Recorded data
%%

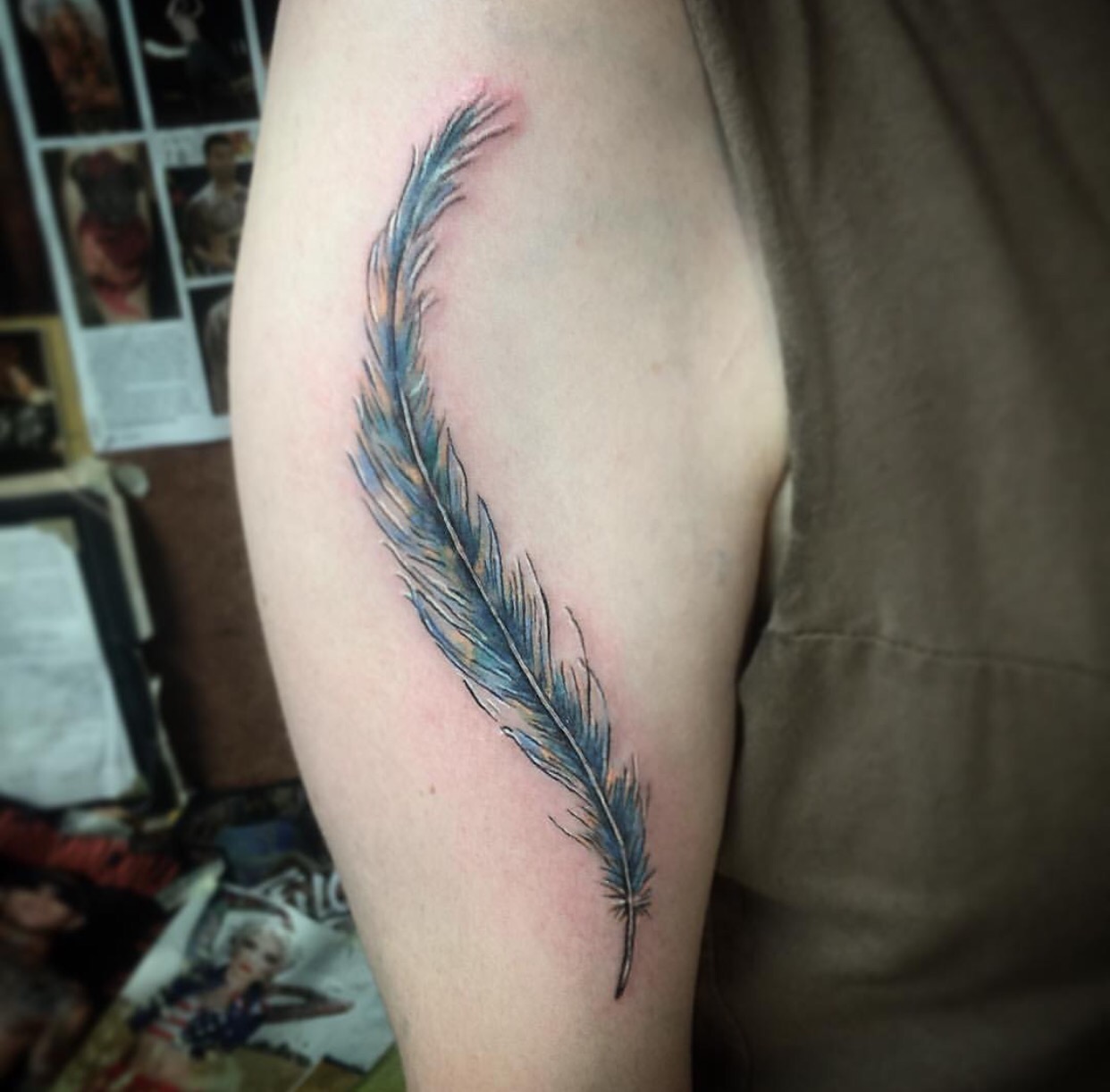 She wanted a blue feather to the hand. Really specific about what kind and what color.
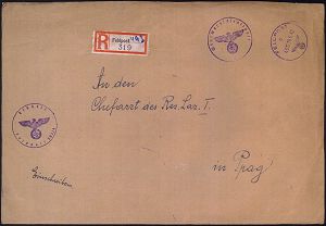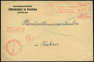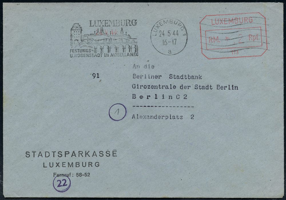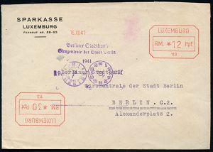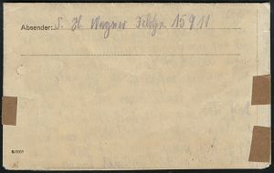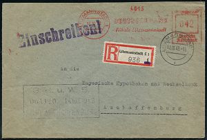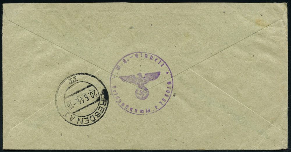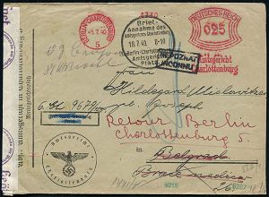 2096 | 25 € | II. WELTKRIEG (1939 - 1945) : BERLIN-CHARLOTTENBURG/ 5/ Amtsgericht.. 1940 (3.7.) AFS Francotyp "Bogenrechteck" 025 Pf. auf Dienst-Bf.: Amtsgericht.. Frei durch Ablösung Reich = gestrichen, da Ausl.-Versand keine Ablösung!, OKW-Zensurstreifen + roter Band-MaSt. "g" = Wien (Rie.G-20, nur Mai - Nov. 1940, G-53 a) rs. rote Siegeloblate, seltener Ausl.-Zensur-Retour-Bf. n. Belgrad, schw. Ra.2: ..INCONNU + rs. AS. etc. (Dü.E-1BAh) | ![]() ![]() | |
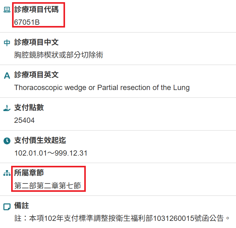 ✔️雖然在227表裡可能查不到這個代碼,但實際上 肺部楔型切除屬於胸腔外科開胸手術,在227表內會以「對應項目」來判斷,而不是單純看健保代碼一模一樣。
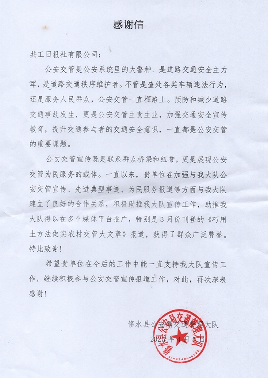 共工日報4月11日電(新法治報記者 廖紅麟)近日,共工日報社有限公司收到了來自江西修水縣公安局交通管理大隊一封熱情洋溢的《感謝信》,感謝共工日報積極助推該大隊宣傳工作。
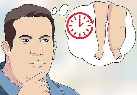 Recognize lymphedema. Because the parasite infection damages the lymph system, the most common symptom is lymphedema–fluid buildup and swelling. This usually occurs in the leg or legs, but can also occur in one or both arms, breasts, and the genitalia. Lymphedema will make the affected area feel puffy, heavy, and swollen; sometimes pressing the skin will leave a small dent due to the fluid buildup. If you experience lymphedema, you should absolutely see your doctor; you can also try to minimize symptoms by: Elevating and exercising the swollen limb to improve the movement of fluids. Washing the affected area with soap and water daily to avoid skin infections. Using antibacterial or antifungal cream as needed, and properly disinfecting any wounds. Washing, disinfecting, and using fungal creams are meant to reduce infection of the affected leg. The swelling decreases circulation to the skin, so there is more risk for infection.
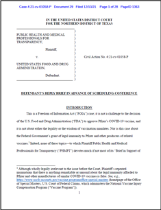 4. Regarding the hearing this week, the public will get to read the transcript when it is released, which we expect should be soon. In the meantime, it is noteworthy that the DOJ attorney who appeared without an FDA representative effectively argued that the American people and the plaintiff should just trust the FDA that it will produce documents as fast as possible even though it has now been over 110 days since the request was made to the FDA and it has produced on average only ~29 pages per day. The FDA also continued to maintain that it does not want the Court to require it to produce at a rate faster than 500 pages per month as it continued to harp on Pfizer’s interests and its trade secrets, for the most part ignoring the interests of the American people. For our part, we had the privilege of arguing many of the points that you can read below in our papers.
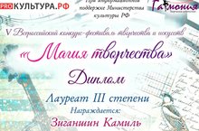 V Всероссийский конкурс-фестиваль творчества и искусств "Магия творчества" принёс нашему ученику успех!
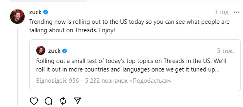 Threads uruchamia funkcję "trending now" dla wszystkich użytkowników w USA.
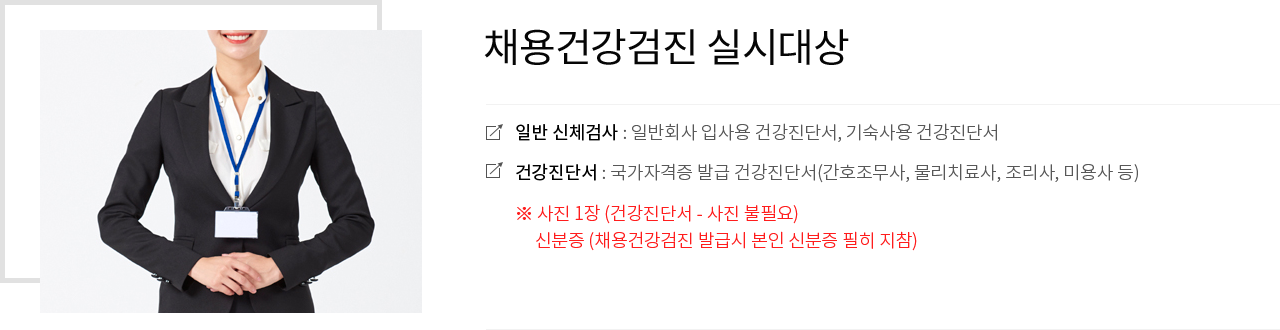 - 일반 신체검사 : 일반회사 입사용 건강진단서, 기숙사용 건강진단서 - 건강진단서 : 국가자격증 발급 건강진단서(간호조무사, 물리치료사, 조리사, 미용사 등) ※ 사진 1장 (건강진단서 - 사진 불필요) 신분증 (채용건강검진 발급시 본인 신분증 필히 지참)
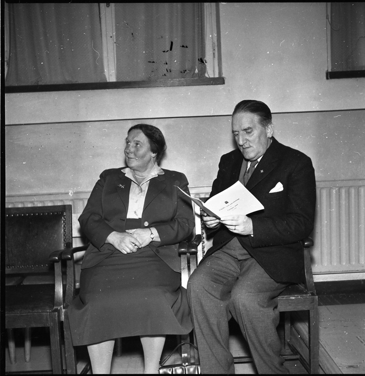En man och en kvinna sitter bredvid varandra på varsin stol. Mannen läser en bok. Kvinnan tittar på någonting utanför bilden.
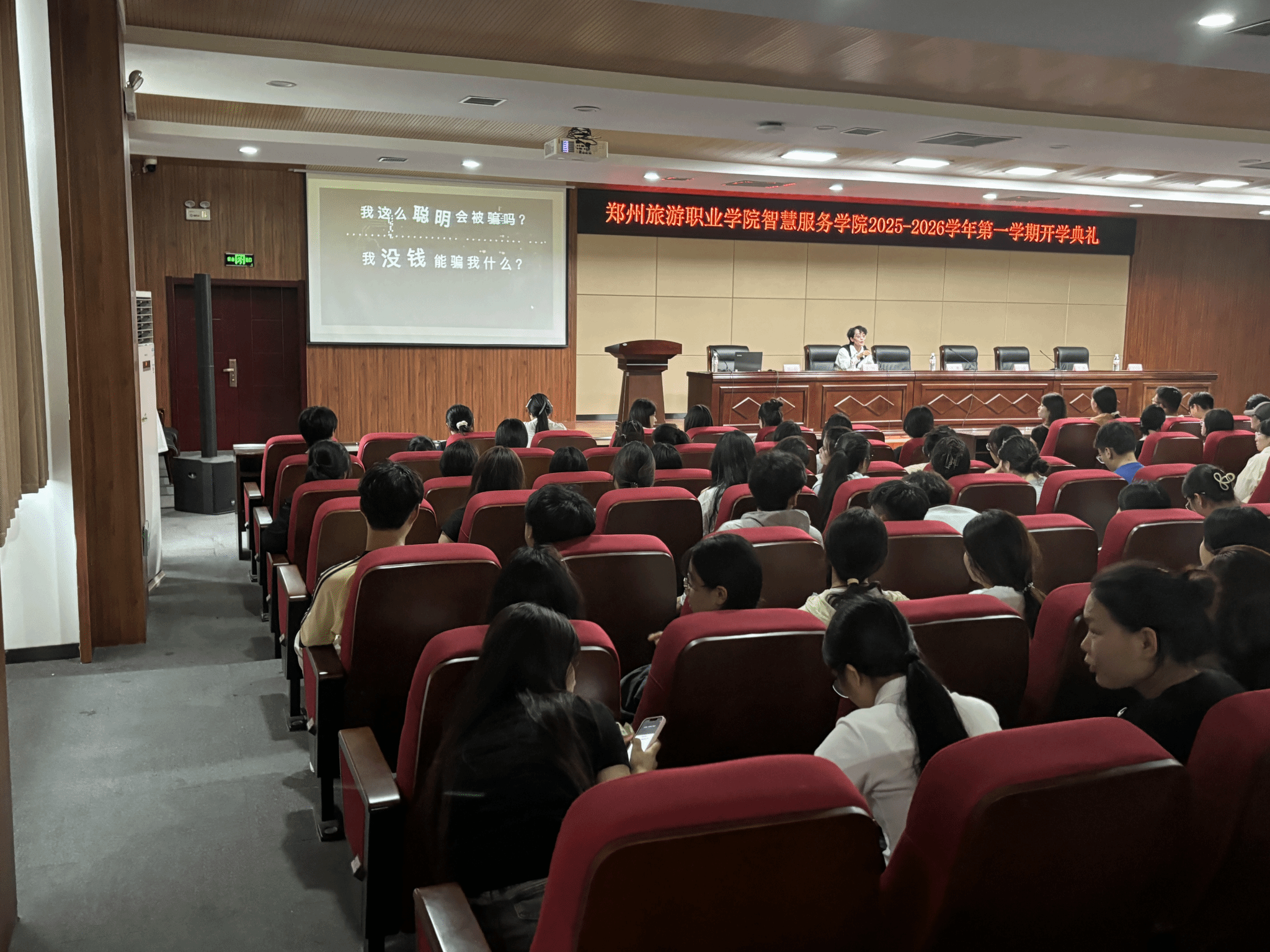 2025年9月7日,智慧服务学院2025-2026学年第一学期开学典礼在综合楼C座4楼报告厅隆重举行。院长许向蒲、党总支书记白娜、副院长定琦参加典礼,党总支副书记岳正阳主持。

%%

**Assigned task**
Starting at the line above that holds "- 일반 신체검사 : 일반회사", return each line up to and including the one that holds "En man och en", exactly as written, minus any pictures.

**Result of the task**
 - 일반 신체검사 : 일반회사 입사용 건강진단서, 기숙사용 건강진단서 - 건강진단서 : 국가자격증 발급 건강진단서(간호조무사, 물리치료사, 조리사, 미용사 등) ※ 사진 1장 (건강진단서 - 사진 불필요) 신분증 (채용건강검진 발급시 본인 신분증 필히 지참)
En man och en kvinna sitter bredvid varandra på varsin stol. Mannen läser en bok. Kvinnan tittar på någonting utanför bilden.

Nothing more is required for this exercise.